Silicon Cage Clusters: Better Than Buckyballs?

The discovery of carbon fullerenes (Update 2) caught the imagination of scientists and the public alike as researchers raced to find applications for the tiny spheres commonly called buckyballs. Now researchers at the Joint Research Center for Atom Technology have managed to create similar arrangements of silicon atoms, a feat previously thought impossible owing to silicon's chemical nature. Potential applications of the silicon assemblies range from components in quantum computers to chemical catalysts to new superconducting compounds.

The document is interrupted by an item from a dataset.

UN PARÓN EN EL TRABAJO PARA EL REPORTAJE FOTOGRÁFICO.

Silicon is, of course, a vital material for the vast semiconductor industry and one of the most studied elements in all of science. Therefore this new discovery might lead to applications that could match or even exceed those expected for carbon fullerenes. Unlike carbon atoms, pure silicon cannot form stable, closed cages. The new research, however, reveals that silicon can gather around a central metal atom and settle into basket-like arrangements called silicon cage clusters. One particularly low energy, and therefore stable, configuration consists of twelve silicon atoms forming a regular, hexagonal cage that surrounds a tungsten atom (see figure at Physics News Graphics).

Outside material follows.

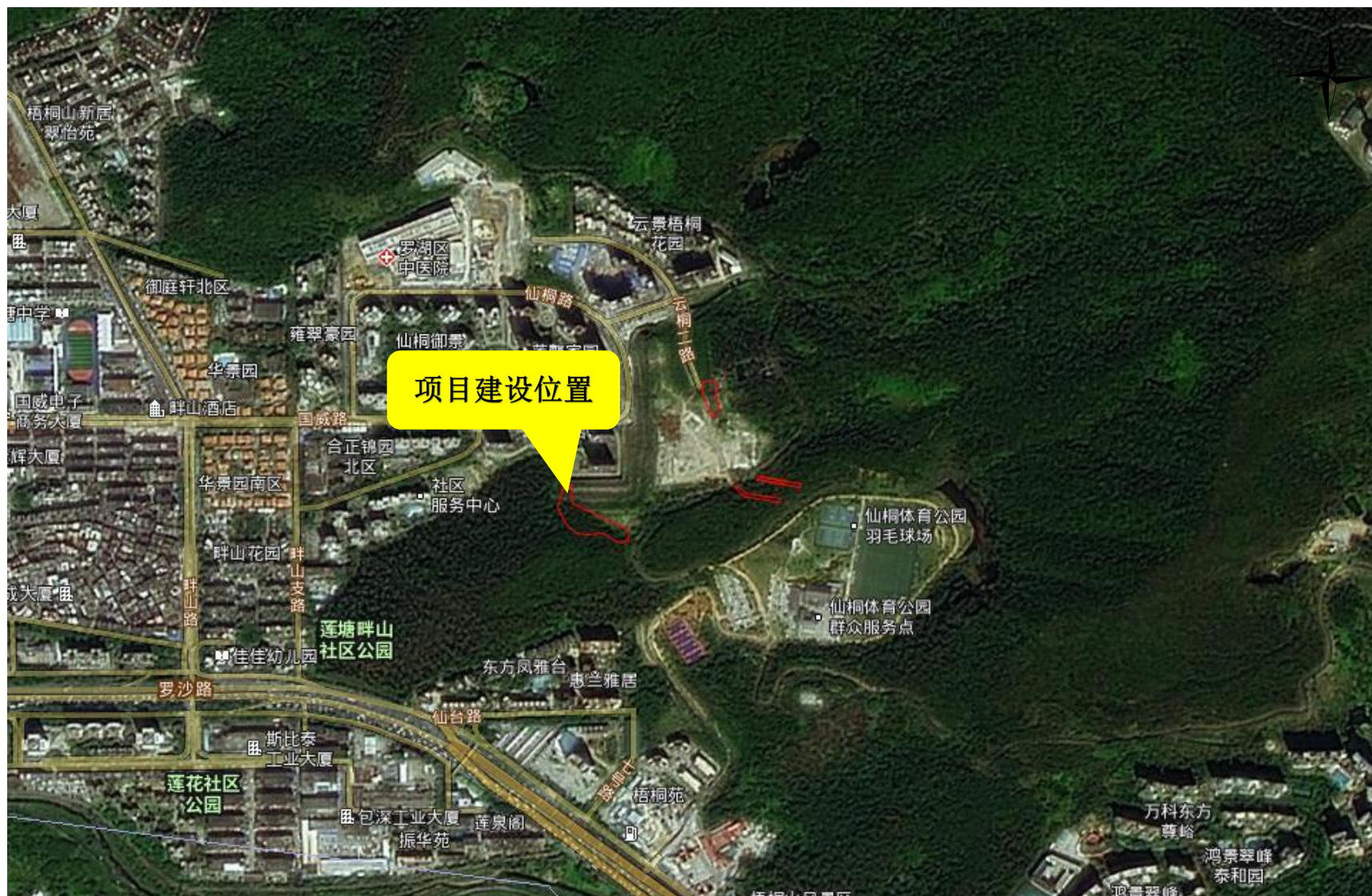
罗湖外国语学校全寄宿制高中新建工程（边坡工程）地理位置示意图

Because the choice of a central metal atom affects the chemical behavior of cage clusters, scientists should be able to tailor the clusters to create novel nanodevices and catalysts. The researchers (Hidefumi Hiura,
h-hiura@bq.jp.nec.com, 011-81-298-50-2615) note in particular that clusters efficiently isolate their guest metal atoms from the surrounding environment, a characteristic that could permit a cluster to act as a robust qubit in a quantum computer by storing a single bit of information in the spin state of the enclosed metal atom. (H. Hiura et al, Physical Review Letters, 26 February 2001; text at Physics News Select.)